The Punishment and Rescue of the Talkative

You’re reading a blog post. Blogging is talking. Sometimes it’s downright t-a-l-k-a-t-i-v-e. Chatty. Pointless. Silence is to be preferred to word pollution.

Two photographs in The Wood of Our Lady, Dennis Aubrey’s Via Lucis post, give reason to talk about talkativeness. Open the link and scroll down near the bottom to see two capitals: 1) two figures with their heads in their hands, weeping, and 2) what Dennis calls “The Punishment of the Talkative”.

The weeping figures of 12th century Église Notre-Dame-de-la-Nativité strike a chord of familiarity.  How many times a day does the news cause us to put our head in our hands in despair? But “the punishment of the talkative” capital evokes no such sympathy. It strikes us moderns as barbaric, the art of a Christian first-cousin of ISIL with grotesque figures excising the tongue of the talkative. Yet it served to remind the worshipers in the 12th century, as it still does in its startling way, that talkativeness is no virtue. Words are sacred. Dennis Aubrey puts it this way:

Perhaps the most famous capital represents the punishment of the talkative, presumably by excising the tongue with tongs. I don’t know if this condemns lying, calumny, or verbal abuse, or if it is a more generalized censure of chattiness or language in general. While this punishment somehow seems fitting for the slanderers who fill our public lives, I would prefer these thoughts of Voltaire, … les anges m’ont tué par leur silence. Le silence est le just chatiment des bavard. Je meurs, je suis mort. “The angels have killed me with their silence. Silence is the just punishment for the talkative. I’m dying. I’m dead.”

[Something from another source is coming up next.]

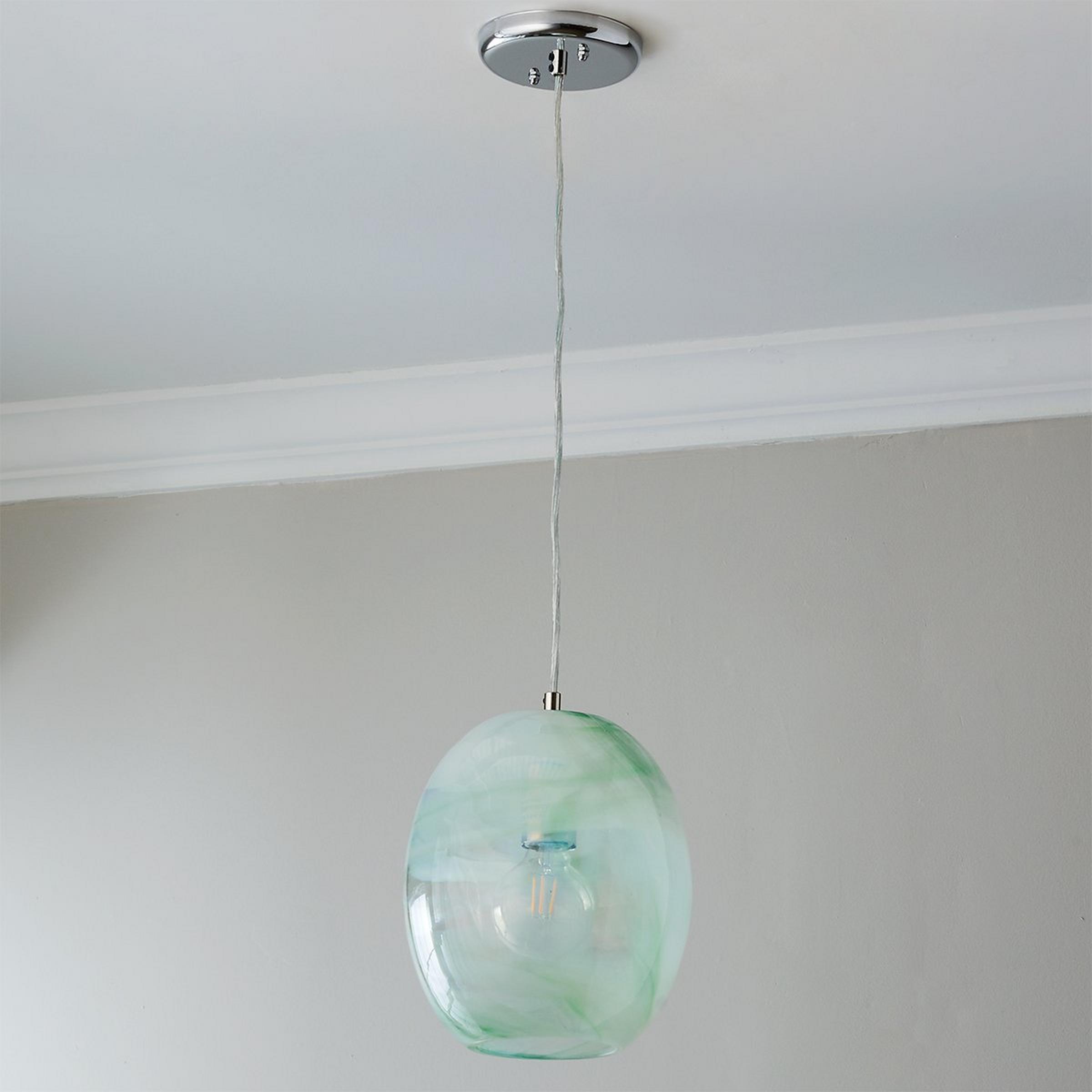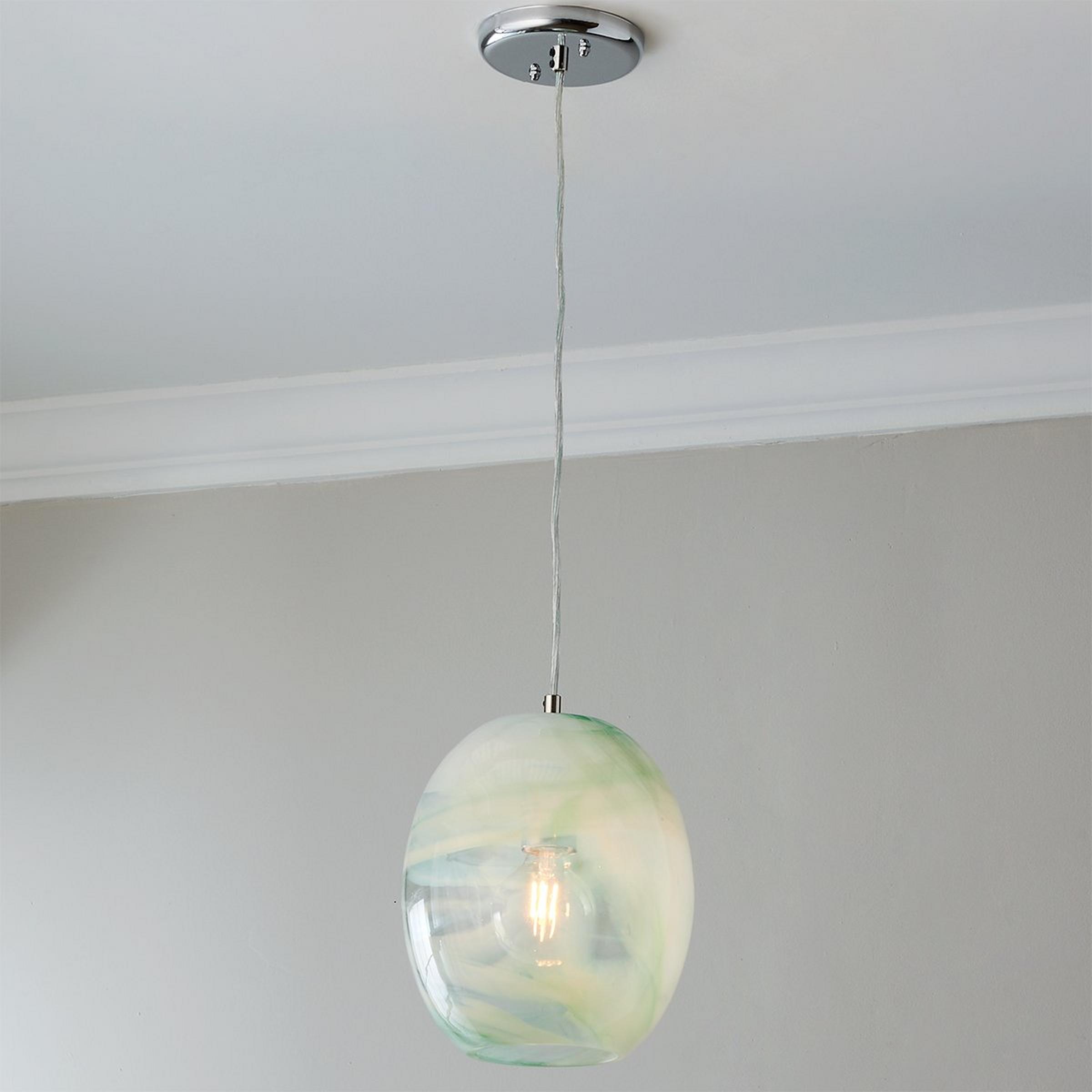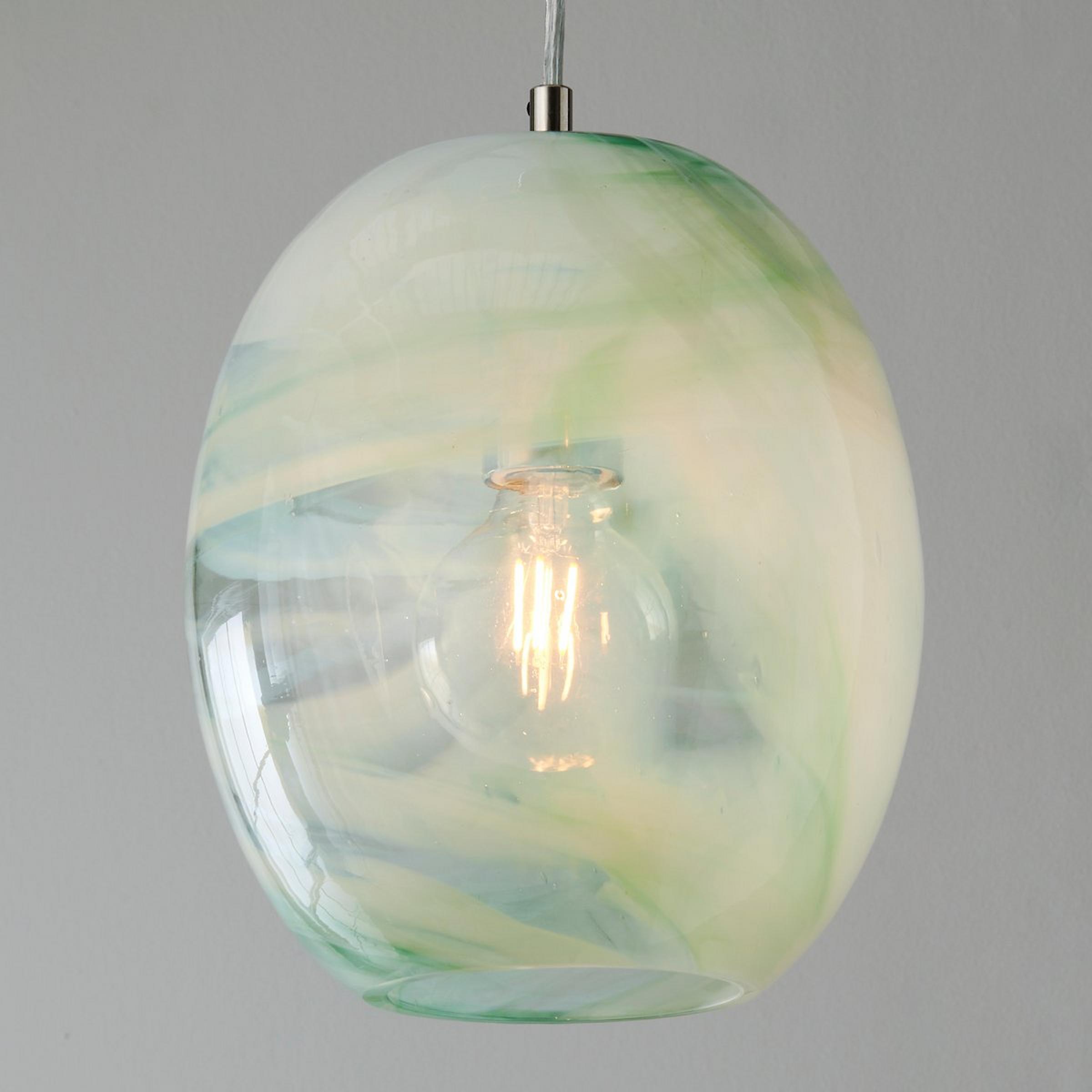 Tinged with pastel hues, the Seafoam Swirl Pendant adds an elegant pop of color to any modern or transitional space. Like jewelry for your ceiling, this glass pendant makes a fabulous addition to any entryway, kitchen, or dining room. This fixture is assembled by hand in our Richmond, Virginia production facility.

It was poet Kahlil Gibran, author of The Prophet, whose first published book (1918) was titled The Madman, who used words to say, “I have learned silence from the talkative, tolerative from the intolerant, and kindness from the unkind; yet strange, I am ungrateful to those teachers.”

Thank you, Dennis Aubrey and P.J. McKey for bringing the teachers to light.

– Gordon C. Stewart, Chaska, MN, April 20, 2015.